The Montana Tech Orediggers are the athletics teams representing Montana Technological University in Butte, Montana. The nickname Orediggers is an homage to Butte's mining history. The university is a member of the National Association of Intercollegiate Athletics (NAIA), primarily competing in the Frontier Conference since the 1933–34 academic year.

Montana Tech competes in 12 intercollegiate varsity sports: men's sports include basketball, cross country, football, golf, and track & field (indoor and outdoor); women's sports include basketball, cross country, golf, track & field (indoor and outdoor), and volleyball.
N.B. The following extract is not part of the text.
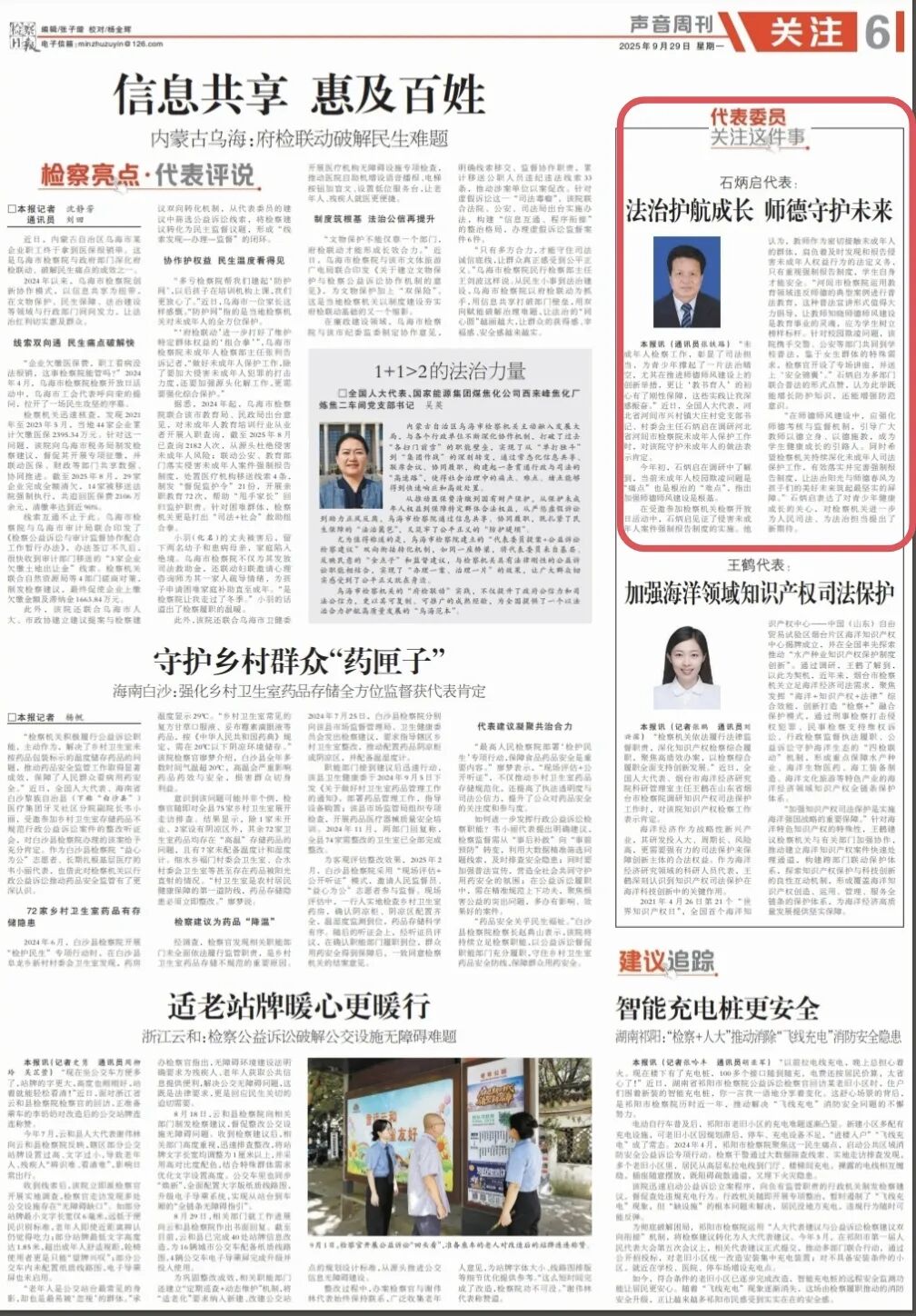 “在师德师风建设中,应强化师德考核与监督机制,引导广大教师以德立身、以德施教,成为学生健康成长的引路人。同时希望检察机关持续深化未成年人司法保护工作,有效落实并完善强制报告制度,让法治阳光与师德春风为孩子们的美好未来筑起最坚实的屏障。”石炳启表达了对青少年健康成长的关心,对检察机关进一步为人民司法、为法治担当提出了新期待。

Montana Tech won the conference's most prestigious all-sports recognition, called the Bandy Award, in 2023, marking the first time since 1993 to do so.

== Varsity teams ==

| Men's sports | Women's sports |
| Basketball | Basketball |
| Cross country | Cross country |
| Football | Golf |
| Golf | Track and field^{1} |
| Track and field^{1} | Volleyball |
^{1} – includes both indoor and outdoor

=== Basketball ===
The Orediggers men's basketball team, coached by Adam Hiatt, made history by becoming the first men's basketball program to win four consecutive Frontier Conference regular season and tournament championships in 2021–22, 2022–23, 2023–24, and 2024-25. The Diggers own several conference records, including the best overall conference record (14–1 conference mark set in 2023-24) and the highest scoring margin in league play (+15.1 margin). Montana Tech also set a Frontier Conference record for most points scored in a championship game (103 points in the 2022–23 season), as well as the largest regular season margin (5 game margin in 2023). After setting school records for most overall wins (27) in 2021–22, the program eclipsed that mark in 2022–23 with a 29–5 overall record. The Orediggers are 107–23 over the past four seasons (27–7, 29–5, 27–5, 24-6).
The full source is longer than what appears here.